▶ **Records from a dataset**
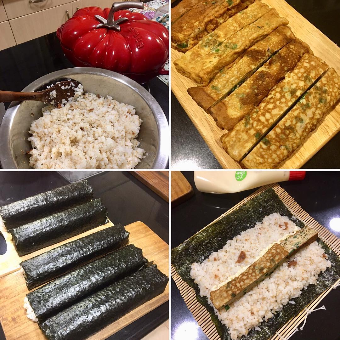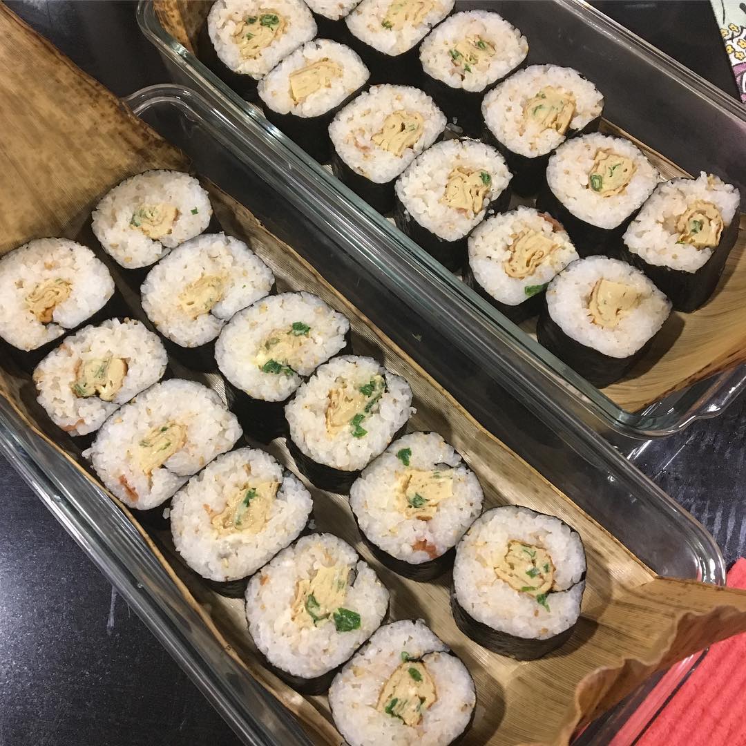 ◯おにぎりと卵焼きの組み合わせは最強だ。しかし、おにぎりの大量生産は手間なので、巻き寿司にしてみた。鍋で炊いたごはんを、酢飯にはせず、鰹節やゴマ、梅干しをちぎったものなどを混ぜ込む。刻みネギを加えた出し巻き卵を作り、巻く。実はこれ、我が夫の好物でもあり、たまに作っている。見た目は地味だが、ほっとする味なのだ。
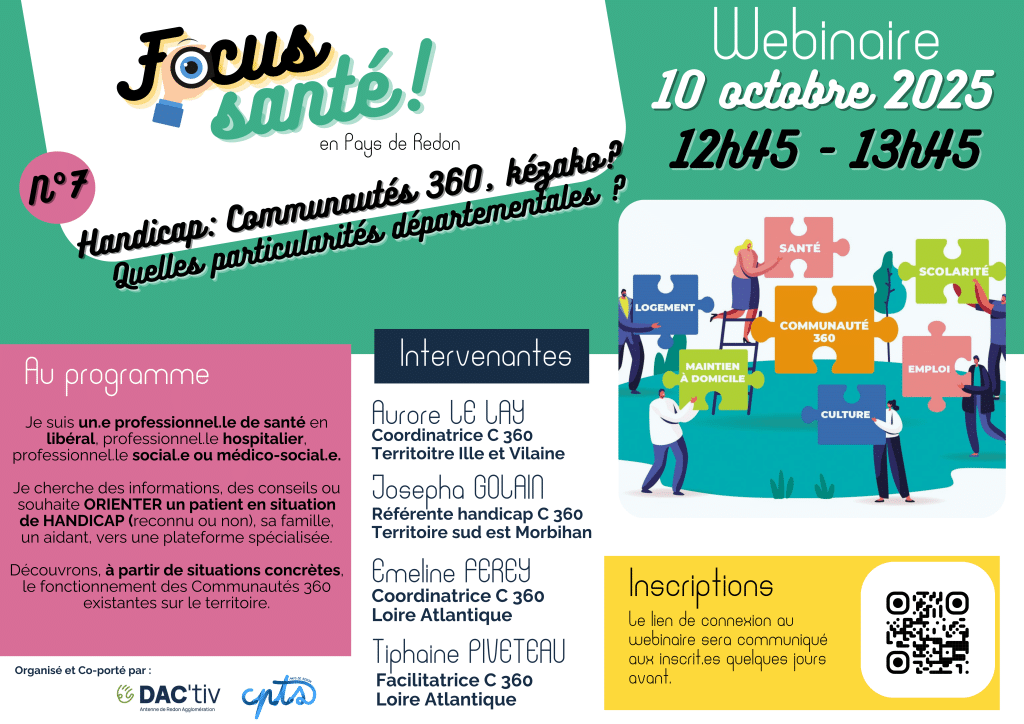 Initiative de la CPTS Pays de Redon et du Dac’tiv, Antenne de Redon, nous avons le plaisir de vous présenter un tout nouveau format de webinaire, spécialement conçu pour répondre à vos besoins en matière d’information et d’échange dans le domaine de la santé et du social.
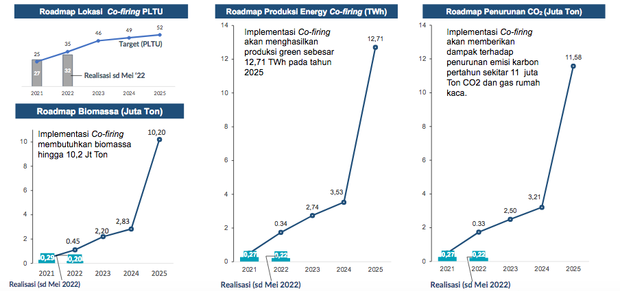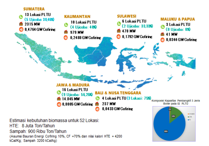 Apabila seluruh unit PLTU tersebut telah beroperasi co-firing secara komersial dengan persentase biomasa untuk PLTU boiler tipe PC sebesar 6%, CFB 40% dan Stoker 70%, maka dapat diperoleh kapasitas produksi EBT dari co-firing sebesar 2,7 GW yang membutuhkan biomasa hingga 14 juta ton per tahun (asumsi CF 70%).
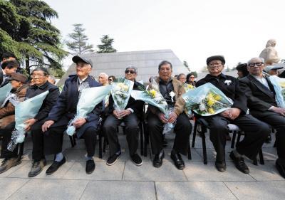 “南京大屠杀死难者遗属2014年清明祭”活动 | 新华社记者 孙参 摄
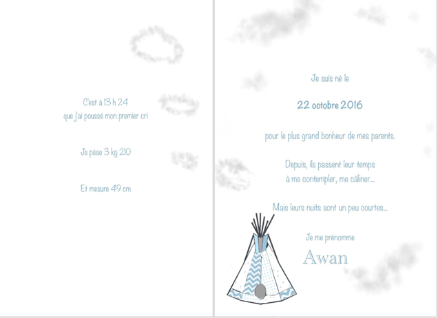 Nous pouvons, si vous le désirez, réaliser toute une gamme assortie à votre faire-part : remerciements, invitation à une cérémonie en l’honneur de bébé etc…
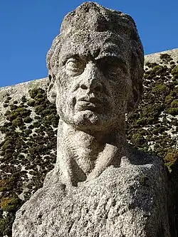 El busto se apoya sobre un pedestal de granito de la Escuela de Canteros de Poyo,[18] que muestra en su base la inscripción "Galicia".

▶ **TASK OBJECTIVE**
Pictures aside, restate all of the entries exactly.

▶ **TASK RESULT**
 ◯おにぎりと卵焼きの組み合わせは最強だ。しかし、おにぎりの大量生産は手間なので、巻き寿司にしてみた。鍋で炊いたごはんを、酢飯にはせず、鰹節やゴマ、梅干しをちぎったものなどを混ぜ込む。刻みネギを加えた出し巻き卵を作り、巻く。実はこれ、我が夫の好物でもあり、たまに作っている。見た目は地味だが、ほっとする味なのだ。
 Initiative de la CPTS Pays de Redon et du Dac’tiv, Antenne de Redon, nous avons le plaisir de vous présenter un tout nouveau format de webinaire, spécialement conçu pour répondre à vos besoins en matière d’information et d’échange dans le domaine de la santé et du social.
 Apabila seluruh unit PLTU tersebut telah beroperasi co-firing secara komersial dengan persentase biomasa untuk PLTU boiler tipe PC sebesar 6%, CFB 40% dan Stoker 70%, maka dapat diperoleh kapasitas produksi EBT dari co-firing sebesar 2,7 GW yang membutuhkan biomasa hingga 14 juta ton per tahun (asumsi CF 70%).
 “南京大屠杀死难者遗属2014年清明祭”活动 | 新华社记者 孙参 摄
 Nous pouvons, si vous le désirez, réaliser toute une gamme assortie à votre faire-part : remerciements, invitation à une cérémonie en l’honneur de bébé etc…
 El busto se apoya sobre un pedestal de granito de la Escuela de Canteros de Poyo,[18] que muestra en su base la inscripción "Galicia".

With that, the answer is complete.